Science
How Strong Is a Chimpanzee?
The bone-crushing power of the apes has been greatly exaggerated.
How Strong Is a Chimpanzee?
The bone-crushing power of the apes has been greatly exaggerated.
By John Hawks (Slate)
After last week's chimpanzee attack in Connecticut, in which an animal named Travis tore off the face of a middle-aged woman, primate experts interviewed by the media repeated an old statistic: Chimpanzees are five to eight times stronger than people. The literature—or at least 19th-century literature—concurs: Edgar Allan Poe's fictional orangutan was able to hurl bodies and pull off scalps. Edgar Rice Burroughs' fictional anthropoid apes were likewise possessed of remarkable strength. Even Jules Verne's gentle ape, Jupiter, had the muscle to drag a stuck wagon from the mire.
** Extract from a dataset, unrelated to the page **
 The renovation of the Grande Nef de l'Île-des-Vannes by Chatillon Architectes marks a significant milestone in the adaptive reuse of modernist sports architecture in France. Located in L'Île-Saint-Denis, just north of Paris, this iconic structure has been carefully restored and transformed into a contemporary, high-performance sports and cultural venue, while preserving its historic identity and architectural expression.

Pulled scalps? Unstuck wagons? No doubt, chimpanzees are different from us. Their climbing lifestyle accentuates the need for arm strength. A chimp on four legs can easily outrun a world-class human sprinter. But it sounds extreme to suggest that humans are only an eighth as strong as chimpanzees. Consider that a large human can bench-press 250 pounds. If the "five to eight times" figure were true, that would make a large chimpanzee capable of bench-pressing 1 ton. It's just the sort of factoid the zoo staff might tell you to keep you from knocking on the glass.
The suspicious claim seems to have originated in a flapper-era study conducted by a biologist named John Bauman. Poe's story of the scalp-pulling orangutan struck Bauman as being "grotesquely impossible." In 1923, he noted that every expert in the field believed apes were vastly stronger than humans—yet none had ever tried to prove it. So he packed up a device used to measure pull strength, called a dynamometer, and set out for the Bronx Zoo.
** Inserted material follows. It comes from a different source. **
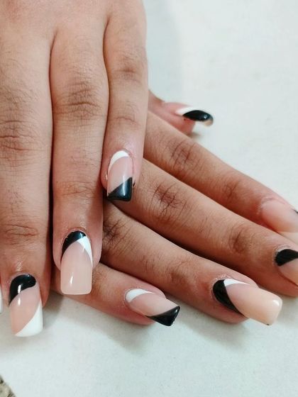 See my modern takes on the classic French manicure, available for your at-home appointment. I do everything from colorful and geometric tips to glitter lines and embedded art, all on durable gel extensions.

The apes were less-than-willing participants in the study. They were more apt to tear apart the shiny dynamometer than pull on it, and, unless the ape had a "distinctly vicious disposition," she was unlikely to approach the experimental task with much vigor. Bauman managed to rig his device outside the cage, feeding in a rope for the apes to work on. Then, amazingly, one of the Bronx chimpanzees—a former circus ape named Suzette—managed to pull 1,260 pounds.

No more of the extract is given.